So your approach of "not scraping bottom of the barrel" and not helping such companies is more ethical?
No it’s not recommending snake oil and telling them to do things properly instead I don’t. Care if that makes the security industry dry up, my only hope is that if it does the snake oil salespeople die with it.
I get your point but I think Snake Oil might be too harsh. More like flu vaccine. Proven effective against an attack that was going around and similar attacks but not really guaranteed to prevent all strains of flu.

So no guarantees on whether it will solve all of your apps problems, but from a public health perspective likely to save VMs from getting owned in aggregate.

I wonder if it's possible to just go byte by byte, and try to parse the statement as valid SQL? If you use the same parser, or a compatible parser, to the backend DB you'd at least catch any valid SQL statements?
What if the payload is ‘a,b’ which renders as

Select a, b from foo;

There least I heard their WAF is just Apache's mod_security rules transpiled to Lua. So yes it's pretty much just regexes
Ran into a funny bug once from either Cloudflare or AWS's implementation of a similar service.

Marketing made a big push for a new Promo code on the site we were running, but the promo code wasn't working. Reports came in that the promo code worked if you entered it as lowercase, rather than all caps.

Double-checked a dozen times, we take whatever string the user passes in an converted it to upper case, and all the values in the db were upper case. Keep thinking we must have messed this up somewhere.

In the end, the devops guy realizes that AWS (or Cloudflare, I forget) was blocking the uppercase requests, since the promo code was `SELECT` >.<

Assumed it was an injection attack, but only when uppercase.

I guess Marketing learned a valuable lesson about SQL keywords. It's also amusing to me because you know some engineer at Amazon must have brought up an edge case where a valid request would start with SELECT - but they were probably dismissed because how often would that happen - really?
Also amusing is the thought that lowercase "select" is any safer than uppercase "SELECT".
I can't believe anyone who has ever actually used SQL for more than a few hours would not know the keywords are case-insensitive. More likely it was just someone given a list of keywords to filter out, with no mention of case-(in)sensitivity.
is case sensitivity training available through HR we can send the new recruits?
More likely an SDE-1 at Amazon 3 months out of college was given a sprint task and because they’ve only ever worked on nosql they had no idea about the edge cases of what they were asked to do.
>SDE1 salaries at Amazon can range from $10,697 - $794,729

Yes, how a person making a minimum of $100K/y could know such things.

Years ago helped handle a support request from a man named "fread" who had a similar issue.
Heaven help Ms. COM1 \\NTDS$\dd&nbsp;if=/dev/scd1
We had a customer named Mr. Echo who was having difficulties paying us. Turns out our credit card processor was blocking the names of common Unix command line programs.
I hate these kind of defenses. If your application is vulnerable to sqli, select is one of many tools an attacker can use and you’re pretty much screwed anyway.

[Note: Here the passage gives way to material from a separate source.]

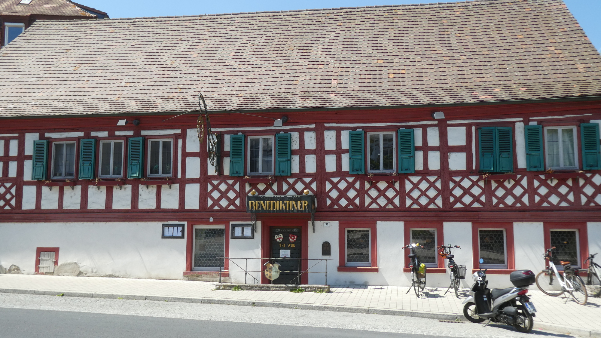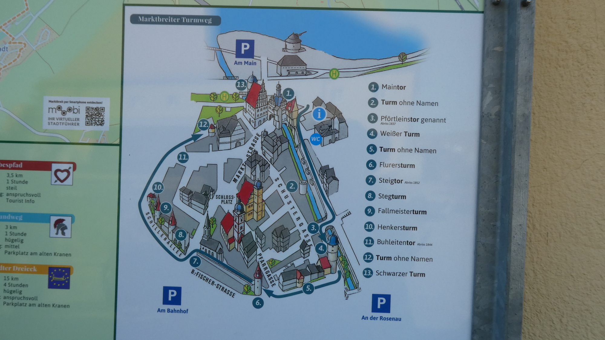 We decided to take a spin through Ochsenfurt old town. Actually, we also had to do it to get onto the bike way that would take us north. We had the pamphlet listing the sights, but the first thing we encountered was the Scheckenbach bakery. The bakery seemed to agree that erdbeeren schnitten are the name of the game, because they had a big poster on them outside.
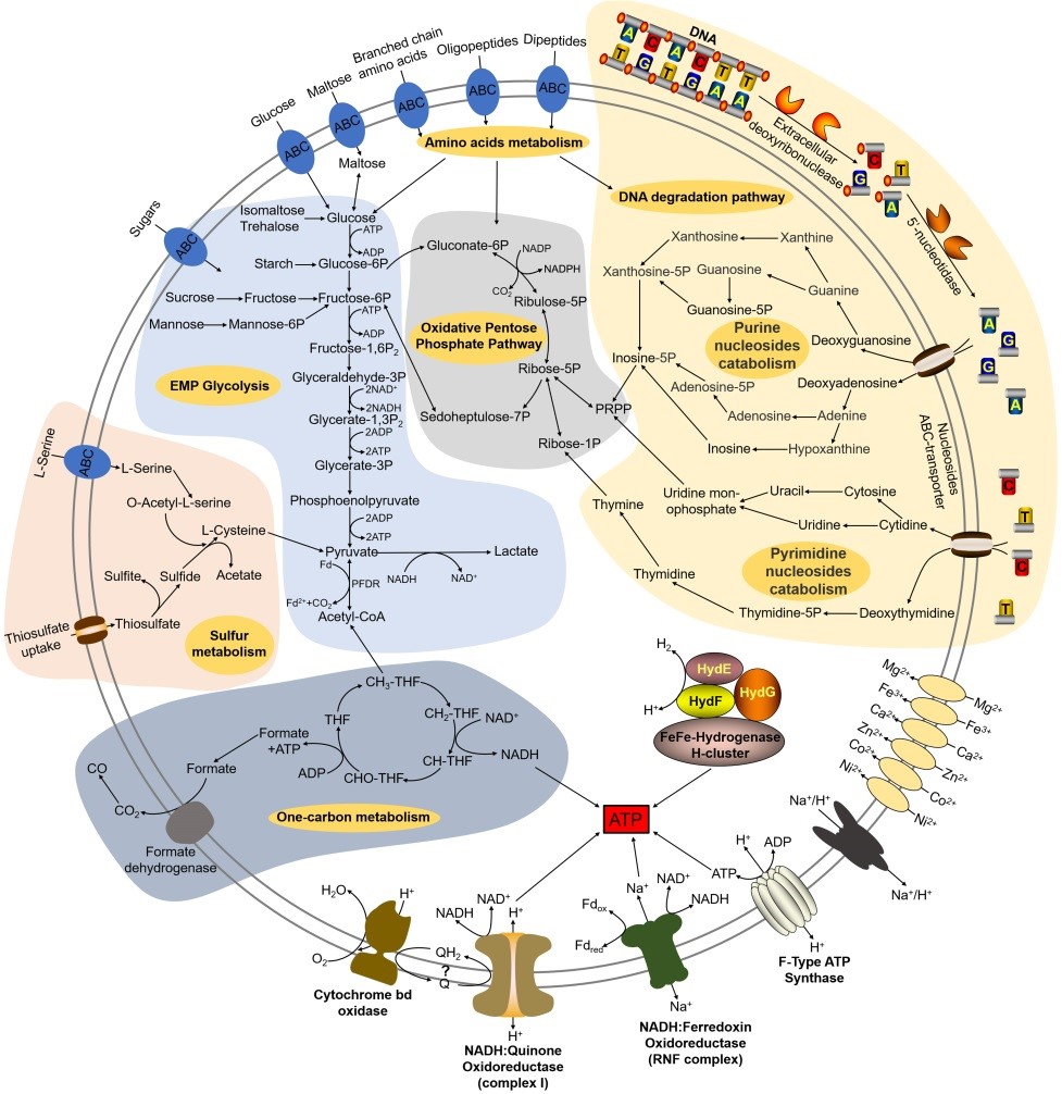 圖3 深海軟壁菌門細菌主要代謝通路模式圖

Instead, use sane tooling, like modern ORMs and parameter izers, with some data sanitation if you’re really paranoid.

> Instead

You're misunderstanding the market.

The point of Cloudflare WAF isn't to be a main line of defense for HN readers, it's to stop the low effort automated drive-by attacks for websites that were already hosed. Like WAFs that block /wp-admin/* and instead generate a new segment.

I'd be surprised if there was a single person in the world who is going to go "oh right I should replace Cloudflare WAF and my sqli with some parameterized queries!"

So basically you say that those who care about security and sound engineering practices should quit software development, because it's a lost cause?
I think ‘stop wasting time on dumb stuff and focus on actual security’ is a good take home for the HN crowd. Time and money is finite, so spend it wisely.
It's also "Hey the superstar on the sales team just launched a new Wordpress blog that everyone likes, just wanted to let you know" and you have no time for a detailed security audit. Put it behind Cloudflare and at least you're more protected than you were!
Nah you pull it offline and tell them to follow correct procurement and development practices. If your development teams aren’t talking to your security teams you have bigger problems than Wordpress.
Consider: Your org is more likely to be run by people that are like the sales people than like you. Who do you think they side with, when sales goes up the chain to complain development broke their new initiative and is saying it'll take 4x longer to do the thing they already did themselves, and as a direct result means they won't hit revenue numbers this quarter?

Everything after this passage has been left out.